Let \({\mathbb {D}}=\{z\in {{\mathbb {C}}:|z|<1}\}\) denote the open unit disc in the complex plane and \({\mathscr {S}}\) the class of functions \(f(z)=z+a_2z^2+...\) which are analytic and univalent in \({\mathbb {D}}\). Denote by \({\mathscr {S}}^*\) and \({\mathscr {K}}\) the usual subclasses of \({\mathscr {S}}\) consisting of functions which map \({\mathbb {D}}\) onto starlike (w.r.t. the origin) and convex domains, respectively. Let \({\mathscr {S}}^{*}(1/2)\subset {\mathscr {S}}\) be the class of functions which are starlike of order 1/2. It is known that \({\mathscr {K}}\subset {\mathscr {S}}^{*}(1/2).\) Further, by \({\mathscr {C}}\) we denote the class of functions \(f\in {\mathscr {S}}\) for which there exist \(g\in {\mathscr {K}}\) such that \(\Re \left\{ f'(z)/g'(z)\right\} >0\), \(z\in {\mathbb {D}}\). Functions in the class \({\mathscr {C}}\) are called close-to-convex.

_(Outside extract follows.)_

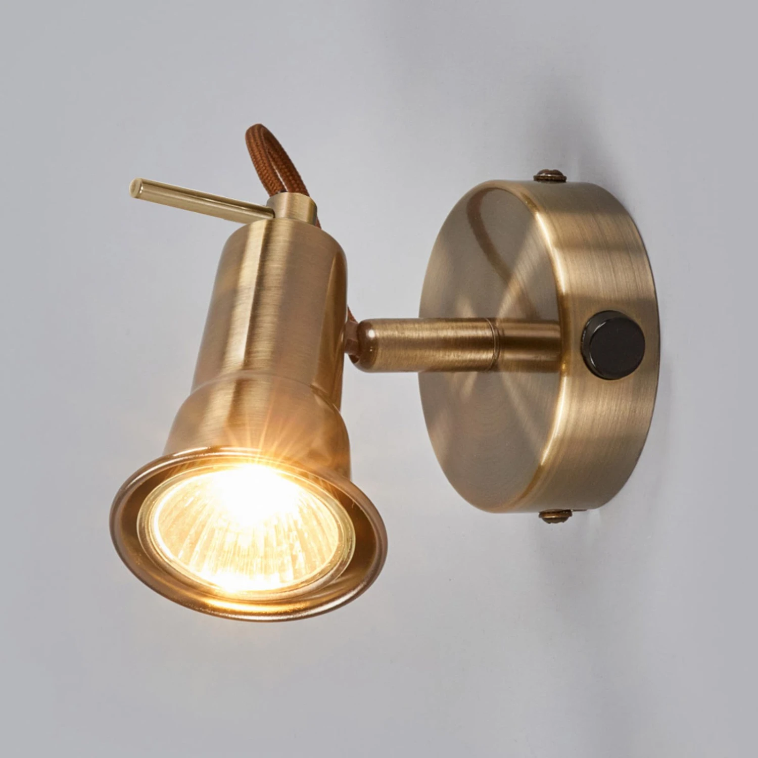 Dieser stilvolle Wandstrahler beleuchtet Räume auf akzentuierte Weise. Der Strahler ist schwenkbar und kann individuell ausgerichtet werden, um stets optimale Lichtverhältnisse zu schaffen. Das runde Design in Altmessing setzt dabei klassische Akzente, sodass der Wandstrahler in unterschiedlichen Einrichtungsstilen den passenden Platz findet.

The convolution or Hadamard product of two power series \(f(z)=\sum _{n=0}^{\infty }a_nz^n\) and \(g(z)=\sum _{n=0}^{\infty }b_nz^n\) is denoted by \((f*g)(z)\) and is defined as

$$\begin{aligned} (f*g)(z):=\sum _{n=0}^{\infty }a_n b_nz^n. \end{aligned}$$

A function f is said to be subordinate to a function g (in symbols \(f(z)\prec g(z))\) in \(|z|<r ~(0<r<1)\) if g is univalent in \(|z|<r,f(0)=g(0)\) and \(f(|z|<r)\subset g(|z|<r)\).

For a given function \(f(z)=\sum _{n=1}^{\infty }a_nz^n\) and \(n\in {{\mathbb {N}}}\), \(\alpha \ge 0,\) let

$$\begin{aligned} s_n(z,f)= & {} \sum _{k=1}^na_kz^k,\\ \sigma _n^{(\alpha )}(z,f)= & {} \left( {\begin{array}{c}n+\alpha -1\\ n-1\end{array}}\right) ^{-1}\sum _{k=1}^n\left( {\begin{array}{c}n+\alpha -k\\ n-k\end{array}}\right) a_k z^k \end{aligned}$$

and

$$\begin{aligned} V_n(z,f)=\left( {\begin{array}{c}2n\\ n\end{array}}\right) ^{-1}\sum _{k=1}^n\left( {\begin{array}{c}2n\\ n+k\end{array}}\right) a_k z^k \end{aligned}$$

denote, the nth partial sum, the nth Ces\(\grave{a}\)ro mean of order \(\alpha \) and the nth de la Vall\(\acute{e}\)e Poussin mean of f, respectively.

P\(\acute{o}\)lya and Schoenberg ( [7], Theorem 2, p.298) showed that the de la Vall\(\acute{e}\)e Poussin means \(V_n(z,f)\) are convex (starlike) if and only if f is convex (starlike) and also, established the following fascinating result : \(\square \)

Theorem 1.1

If \(f\in {{\mathscr {K}}}\), then \(V_n(z,f)\prec f(z)\) in \({\mathbb {D}}.\)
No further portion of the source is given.